BEGIN Data extract

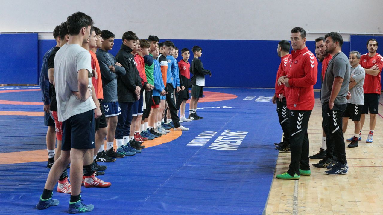 Gençlik ve Spor İl Müdürlüğünün Karaçayır Mahallesi'ndeki tesislerinde kampa giren 20 genç güreşçi, 7-12 Ekim'de Romanya'nın Kaloşvar (Cluj-Napoca) kentinde gerçekleştirilecek şampiyonada mindere çıkıp başarılar elde etmek için antrenörleri gözetiminde ter döküyor.
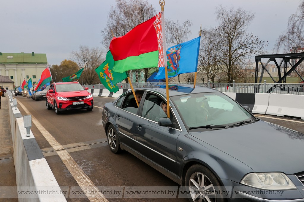 Руководители области, города и мостостроительного управления № 5 перерезали красную ленточку, и новые автобусы, а затем и участники автопробега общественного объединения «Патриоты Беларуси» открыли движение по обновленному путепроводу.
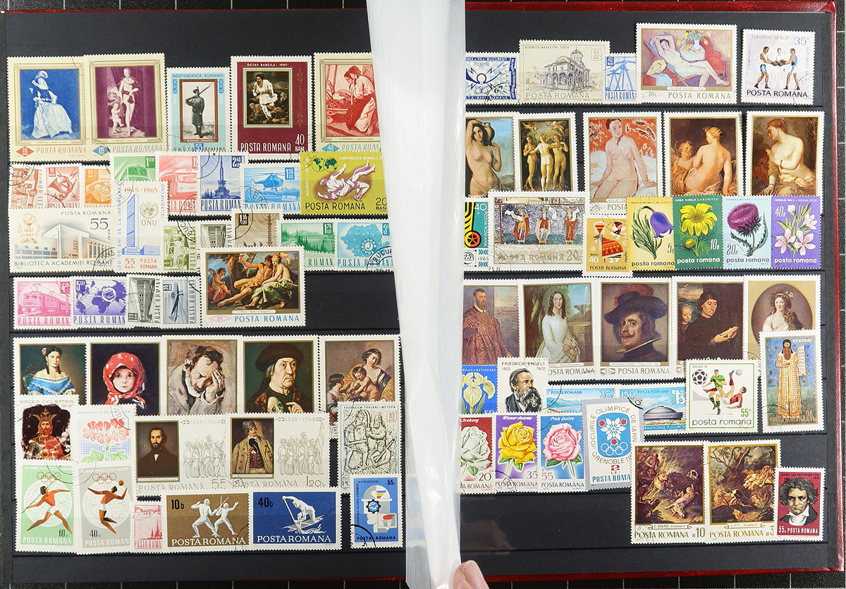 A three-part collector’s holding that includes USA, Marshall Islands, Palau and (somewhat out of place) Romania! Neatly arranged and identified by the owner in three distinct sections / albums. Section A consists of US, Marshall Islands and Palau , with USA having 649 different stamps, mostly used 1870-1993. Section B consists of about 1560 different (2519 in total) stamps, mainly used including early facsimiles, blocks, precancels, "back of the book" and even one of the old-time "US Presidents" label sheet 1869-2017 (expect mixed condition in the earlier material). Lastly, section C is a 32-page Lighthouse stockbook (these retail for over $50 alone) with USA and Romania, with USA having 1956 different stamps, including two booklets, 25x mint and used blocks and 2x Hawaii, and then Romania with 596 different, mostly used and CTO from 1880-1980. A useful holding! Estimate =
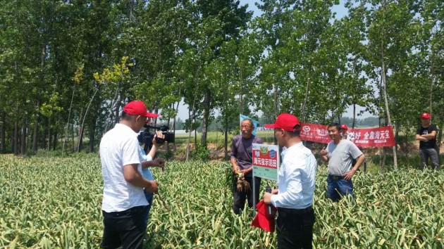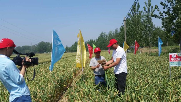 5月18日,中農(nóng)控股產(chǎn)品研發(fā)營銷中心一部的山東省區(qū)經(jīng)理陳冬燁、區(qū)域經(jīng)理陳登建、百優(yōu)農(nóng)資公司全體員工、當(dāng)?shù)乜h各鄉(xiāng)鎮(zhèn)合作伙伴、種植大戶、當(dāng)?shù)仉娨暸_記者組成“海元寶”大蒜觀摩團(tuán),一起走訪了金鄉(xiāng)縣羊山村等周邊5個村的“海元寶”大蒜示范田,見證了海元寶肥料的神奇肥效。
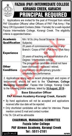 Fazaia PAF Intermediate College Job For Principal
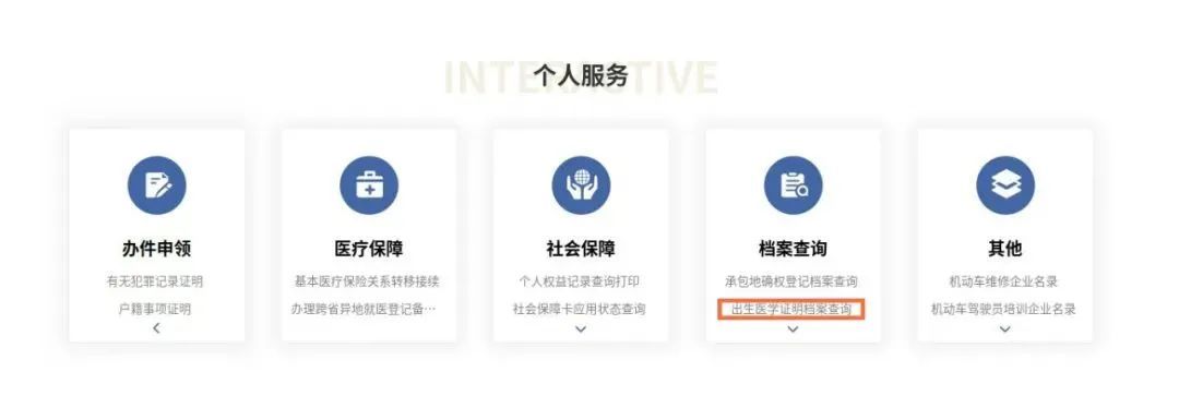 步骤二:下拉至【个人服务】栏,选择“档案查询”板块下“出生医学证明档案查询”事项

END Data extract

> **Activity**
Only the lines from the one with "5月18日,中農(nóng)" through the end of the data, both ends included, should be written out exactly, and no pictures should appear.

> **Answer to the exercise**
 5月18日,中農(nóng)控股產(chǎn)品研發(fā)營銷中心一部的山東省區(qū)經(jīng)理陳冬燁、區(qū)域經(jīng)理陳登建、百優(yōu)農(nóng)資公司全體員工、當(dāng)?shù)乜h各鄉(xiāng)鎮(zhèn)合作伙伴、種植大戶、當(dāng)?shù)仉娨暸_記者組成“海元寶”大蒜觀摩團(tuán),一起走訪了金鄉(xiāng)縣羊山村等周邊5個村的“海元寶”大蒜示范田,見證了海元寶肥料的神奇肥效。
 Fazaia PAF Intermediate College Job For Principal
 步骤二:下拉至【个人服务】栏,选择“档案查询”板块下“出生医学证明档案查询”事项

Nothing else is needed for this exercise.